By way of brief background, cognitive radio is a paradigm for wireless communication in which either a network or a wireless node changes its transmission or reception parameters to communicate efficiently without interfering with licensed users. This alteration of parameters is based on actively monitoring several factors in the external and internal radio environment, such as radio frequency spectrum, user behavior and network state.
In cognitive radio systems, the unlicensed (secondary) users can use the licensed spectrum as long as the licensed (primary) user is absent at some particular time slot and some specific geographic location. However, when the primary user comes back and is present again, the secondary users should vacate the spectrum instantly to avoid interference with the primary user. Hence, continuous spectrum sensing is used to monitor the existence of the primary user. However, sensing performance for a cognitive user is degraded when the channel experiences fading and shadowing.

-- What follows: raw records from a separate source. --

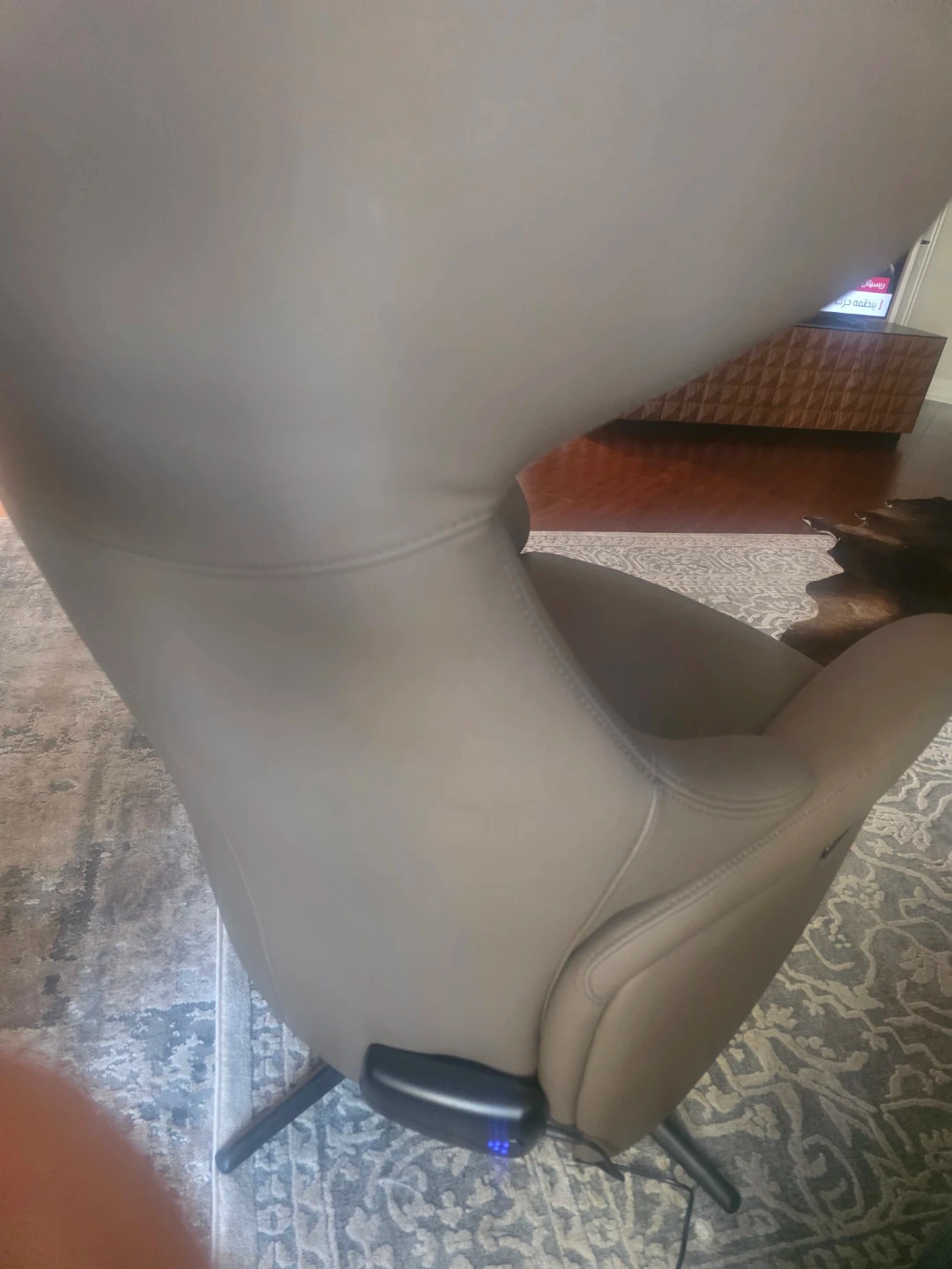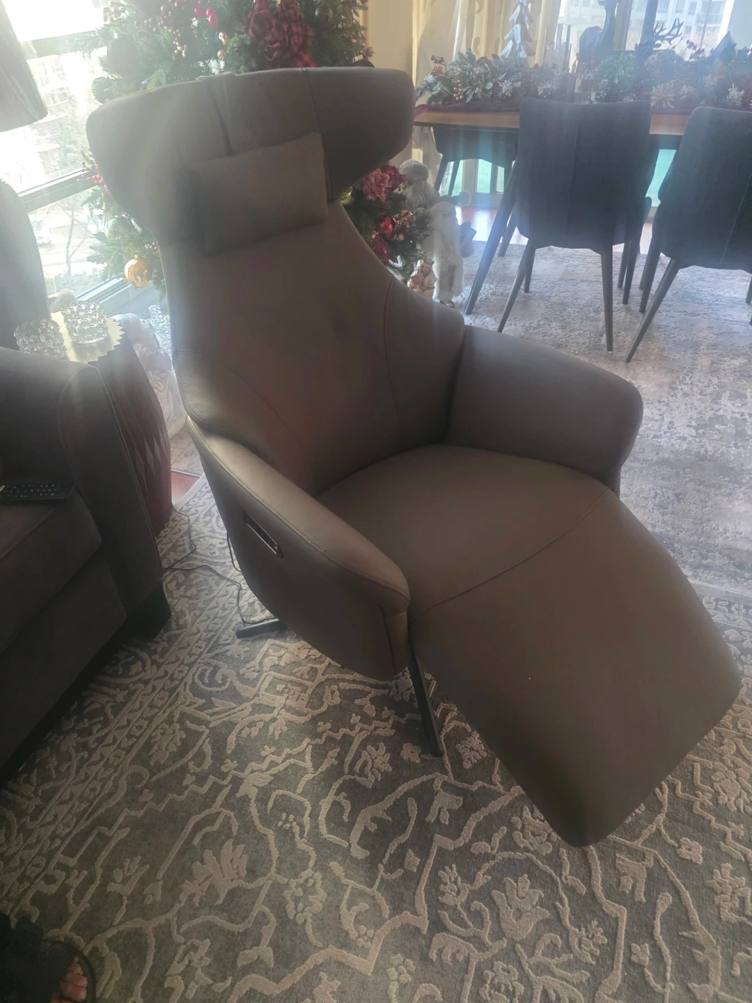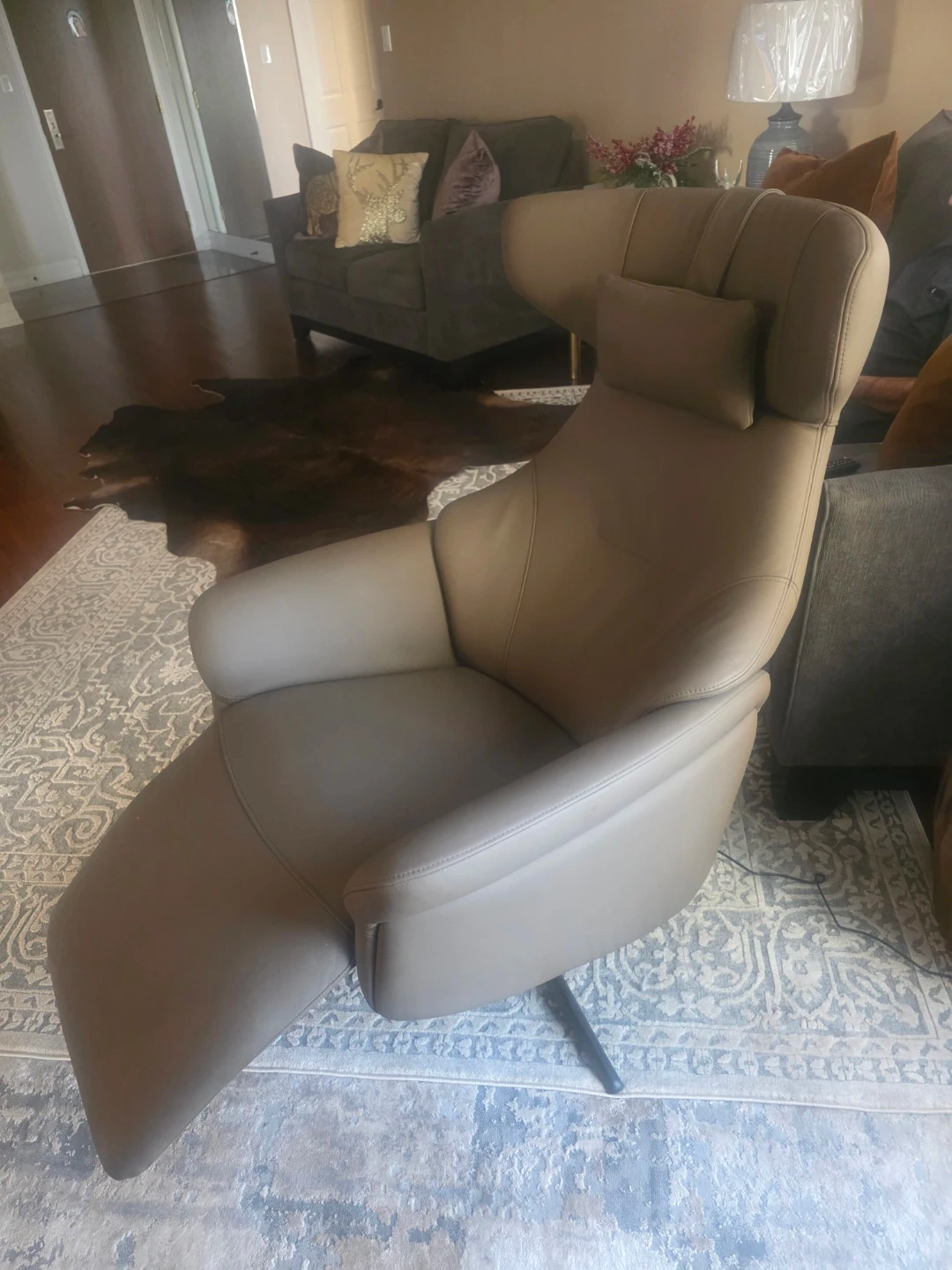 Selling a comfy leather recliner chair! It's in great shape and would be perfect for a living room or den. It features a headrest and a reclining function for ultimate relaxation. The chair is a neutral colour that would fit in with most decor styles
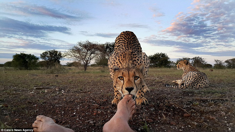 This is the terrifying moment a wild cheetah approached a daring photographer in an African game reserve - before starting to lick his toes.
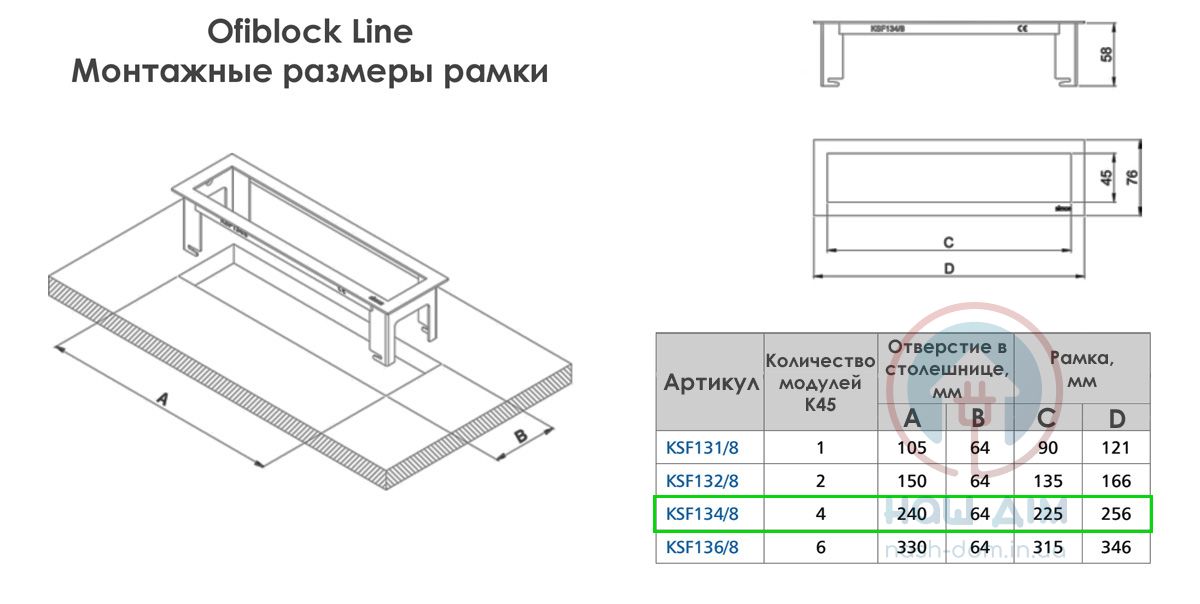 Врезной блок Simon Ofiblock Line монтируется в столешницу, в боковые панели или дно навесного шкафа.

Accordingly, cooperative spectrum sensing has been proposed to exploit multiuser diversity in sensing process. Conventionally, cooperative sensing is performed in two successive stages: sensing and reporting. In the sensing stage, every cognitive user performs spectrum sensing individually. In the reporting stage, all the local sensing observations are reported to a common receiver and the common receiver makes a final decision on the absence or the presence of the primary user.
Most existing systems focus on the case where observations are reported to the common receiver through perfect channels. However, this is impractical since the channels between the cognitive users and the common receiver are usually subject to fading. As mentioned, prior to accessing the licensed spectrum, cognitive users should detect whether the primary user is present or not. A variety of detection methods have been proposed thus far, but none that are optimal when it is assumed a priori knowledge of the primary user is unavailable.
Accordingly, improved systems and methods are desired for improving sensing performance for cooperative spectrum sensing in the presence of fading and shadowing without assuming a priori knowledge of the primary user. The above-described deficiencies of current designs are merely intended to provide an overview of some of the problems of today's designs, and are not intended to be exhaustive. Other problems with the state of the art of cognitive radio and corresponding benefits of the embodiments described herein may become further apparent upon review of the following description.